The Multi-Armed Bandit (MAB) problem was initially introduced by Robbins in 1952 [2]. MAB is actually a sequential decision model, wherein the objective entails the selection of actions in a stepwise manner to optimize the overall reward acquired over time [3]. It mainly includes the following common algorithms: the greedy algorithm, which always chooses the bandit arm with the highest known expected reward without any exploration process. Currently, there are many strategies to balance the dilemma between exploration and exploitation in the MAB problem, the ε-greedy algorithm, which selects the bandit arm with the highest known expected reward most of the time, but randomly chooses other bandit arms for exploration with a small probability ε [4]. Explore-Then-Commit (ETC), the Upper Confidence Bound (UCB) algorithm, which selects the bandit arm with the highest upper confidence bound, i.e., the current estimated expected reward plus a confidence level, to balance exploration and exploitation; and Thompson sampling (TS), which uses Bayesian methods to update the posterior distribution of the reward for each bandit arm and makes selections based on the posterior distribution. Numerous studies have concentrated on the application of multi-arm bandit algorithms in advertising, exploring different aspects of their usage, such as algorithmic approaches, contextual factors, and personalization potential [5]. Currently, the TS algorithm has surged in popularity, due to its empirical successes and robustness across a wide array of applications [6]. This Bayesian approach to the MAB problem has demonstrated remarkable efficacy in scenarios like large-scale A/B testing and the placement of online advertisements [7].
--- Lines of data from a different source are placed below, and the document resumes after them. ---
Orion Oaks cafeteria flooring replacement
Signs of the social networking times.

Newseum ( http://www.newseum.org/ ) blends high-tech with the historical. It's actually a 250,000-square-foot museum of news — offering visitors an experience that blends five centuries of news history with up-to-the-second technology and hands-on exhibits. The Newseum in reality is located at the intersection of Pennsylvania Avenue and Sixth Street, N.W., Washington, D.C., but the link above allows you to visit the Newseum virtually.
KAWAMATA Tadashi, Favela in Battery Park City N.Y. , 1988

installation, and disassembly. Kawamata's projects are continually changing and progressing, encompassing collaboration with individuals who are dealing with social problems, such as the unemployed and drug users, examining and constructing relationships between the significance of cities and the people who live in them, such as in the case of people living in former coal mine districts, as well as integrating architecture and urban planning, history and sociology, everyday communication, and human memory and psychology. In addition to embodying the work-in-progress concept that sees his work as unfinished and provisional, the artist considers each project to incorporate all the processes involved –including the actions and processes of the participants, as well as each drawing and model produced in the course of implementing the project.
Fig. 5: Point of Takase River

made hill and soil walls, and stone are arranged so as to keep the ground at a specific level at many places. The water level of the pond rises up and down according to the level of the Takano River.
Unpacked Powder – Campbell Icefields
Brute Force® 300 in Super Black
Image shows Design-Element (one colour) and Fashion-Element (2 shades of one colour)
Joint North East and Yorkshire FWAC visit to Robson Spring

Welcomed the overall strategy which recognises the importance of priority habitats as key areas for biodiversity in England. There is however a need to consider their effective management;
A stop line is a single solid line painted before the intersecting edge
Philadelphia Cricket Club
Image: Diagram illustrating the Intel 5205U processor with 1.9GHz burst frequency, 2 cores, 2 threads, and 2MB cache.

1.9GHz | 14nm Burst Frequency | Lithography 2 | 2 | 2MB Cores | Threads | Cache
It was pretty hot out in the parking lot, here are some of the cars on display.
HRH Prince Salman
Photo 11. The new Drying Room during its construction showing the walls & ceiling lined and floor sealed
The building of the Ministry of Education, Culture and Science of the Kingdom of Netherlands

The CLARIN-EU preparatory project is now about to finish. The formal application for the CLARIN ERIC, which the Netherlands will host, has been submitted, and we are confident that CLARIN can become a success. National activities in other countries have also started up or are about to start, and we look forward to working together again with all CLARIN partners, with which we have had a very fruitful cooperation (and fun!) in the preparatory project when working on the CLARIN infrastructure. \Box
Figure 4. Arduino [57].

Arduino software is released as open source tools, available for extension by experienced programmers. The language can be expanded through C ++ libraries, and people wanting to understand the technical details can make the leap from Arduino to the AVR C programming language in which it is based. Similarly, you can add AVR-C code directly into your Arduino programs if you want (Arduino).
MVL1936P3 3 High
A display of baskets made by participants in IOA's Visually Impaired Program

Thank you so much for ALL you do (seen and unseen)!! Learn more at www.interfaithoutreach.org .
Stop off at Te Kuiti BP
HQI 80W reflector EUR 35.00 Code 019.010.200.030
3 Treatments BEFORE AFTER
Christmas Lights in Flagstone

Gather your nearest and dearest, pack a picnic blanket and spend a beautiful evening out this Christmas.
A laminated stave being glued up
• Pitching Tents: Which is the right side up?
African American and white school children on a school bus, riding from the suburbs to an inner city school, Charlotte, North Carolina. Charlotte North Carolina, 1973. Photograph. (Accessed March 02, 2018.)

MAB problem is a fundamental issue in reinforcement learning, which focuses on finding an optimal balance between seeking potential better options and choosing the currently known best option, i.e., between "exploration" and "exploitation". The study of such balancing strategies is crucial for understanding more complex decision-making processes. In reality, there is an inherent contradiction between "exploration" and "exploitation". If only "exploration" is conducted, although it can provide a good estimation of the reward for each item, it consumes a large number of recommendation opportunities, making it impossible to obtain the current optimal recommendation within a limited number of recommendations [1]. Conversely, if only "exploitation" is conducted, it becomes difficult to accurately estimate the expected reward of items, leading to the risk of being trapped in local optimality and failing to identify the item that users are most interested in among all options [1]. Therefore, despite the significant progress made in multi-armed bandit algorithms, there is still considerable potential for exploring their complexity and broader applications.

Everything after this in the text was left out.